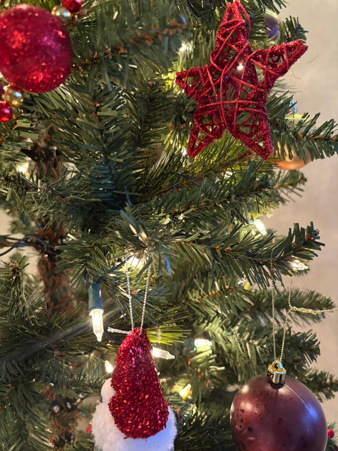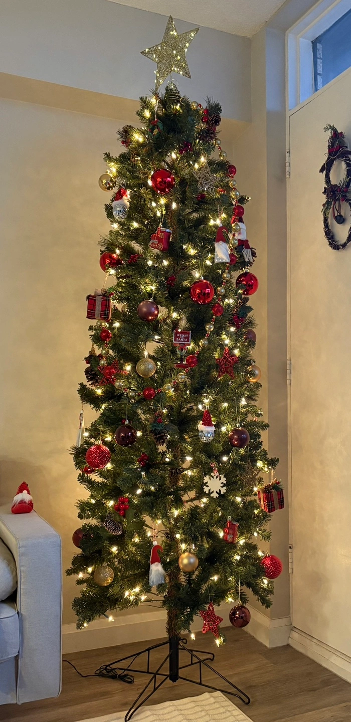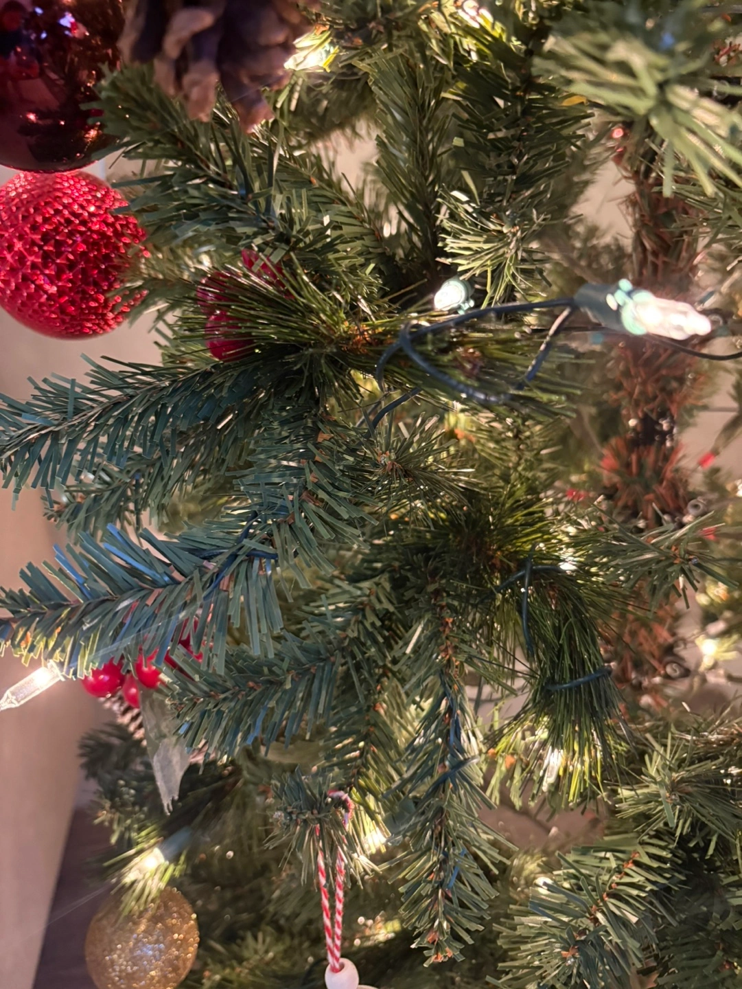Artificial Christmas tree with warm lights and stand. Ornaments not included. 7 feet (2.13m) tall 1 year old
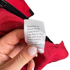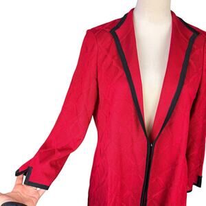 Ming Wang Red Geometric Diamond Knit Black Trim 3/4 Sleeve Cardigan Sweater
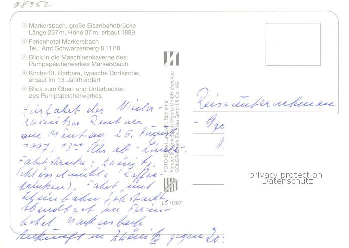 73840372 Markersbach Bad Gottleuba Eisenbahnbruecke Ferienhotel Markersbach Maschinenkaverne des Pumpspeicherwerkes Kirche St Barbara Pumpspeicherwerk Fliegeraufnahme postalisch nicht gelaufen Erhaltung siehe scans [FriedD77] KatCode: 11110014287015
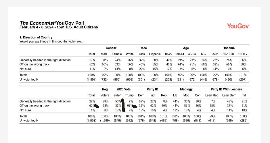 the Trump voters, 90% of them, are unhappy with "how things are going." They would not ever be happy. Bread and gas cost more, Biden is at fault. I put some marks on it to add up Biden votes. Over 60% are OK with economy. Not a good number for your own party. And some 35% of independents are happy or at least OK. But will they show up to vote?
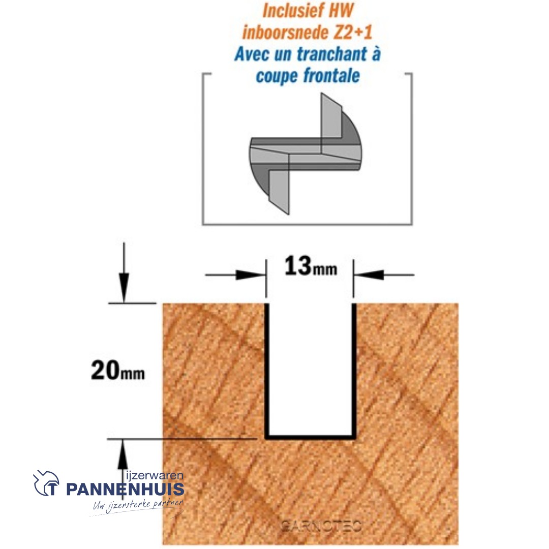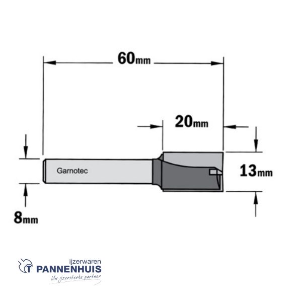 Rechte groeffrees, D=13, I=20, L=60, Z=Z2+1, S=Ø8, Kwaliteit=HW
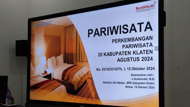 Badan Pusat Statistik (BPS) Klaten memaparkan data tentang perkembangan statistik pariwisata Agustus 2024 di gedung Diskominfo Klaten. Disebutkan tingkat penghunian kamar (TPK) hotel di Klaten tertinggi pada Agustus 2024 mencapai 18,78 persen.

-----

# REQUIRED ACTION
Please write out the whole listing exactly, but not the pictures in it.

# EXERCISE OUTPUT
Artificial Christmas tree with warm lights and stand. Ornaments not included. 7 feet (2.13m) tall 1 year old
 Ming Wang Red Geometric Diamond Knit Black Trim 3/4 Sleeve Cardigan Sweater
 73840372 Markersbach Bad Gottleuba Eisenbahnbruecke Ferienhotel Markersbach Maschinenkaverne des Pumpspeicherwerkes Kirche St Barbara Pumpspeicherwerk Fliegeraufnahme postalisch nicht gelaufen Erhaltung siehe scans [FriedD77] KatCode: 11110014287015
 the Trump voters, 90% of them, are unhappy with "how things are going." They would not ever be happy. Bread and gas cost more, Biden is at fault. I put some marks on it to add up Biden votes. Over 60% are OK with economy. Not a good number for your own party. And some 35% of independents are happy or at least OK. But will they show up to vote?
 Rechte groeffrees, D=13, I=20, L=60, Z=Z2+1, S=Ø8, Kwaliteit=HW
 Badan Pusat Statistik (BPS) Klaten memaparkan data tentang perkembangan statistik pariwisata Agustus 2024 di gedung Diskominfo Klaten. Disebutkan tingkat penghunian kamar (TPK) hotel di Klaten tertinggi pada Agustus 2024 mencapai 18,78 persen.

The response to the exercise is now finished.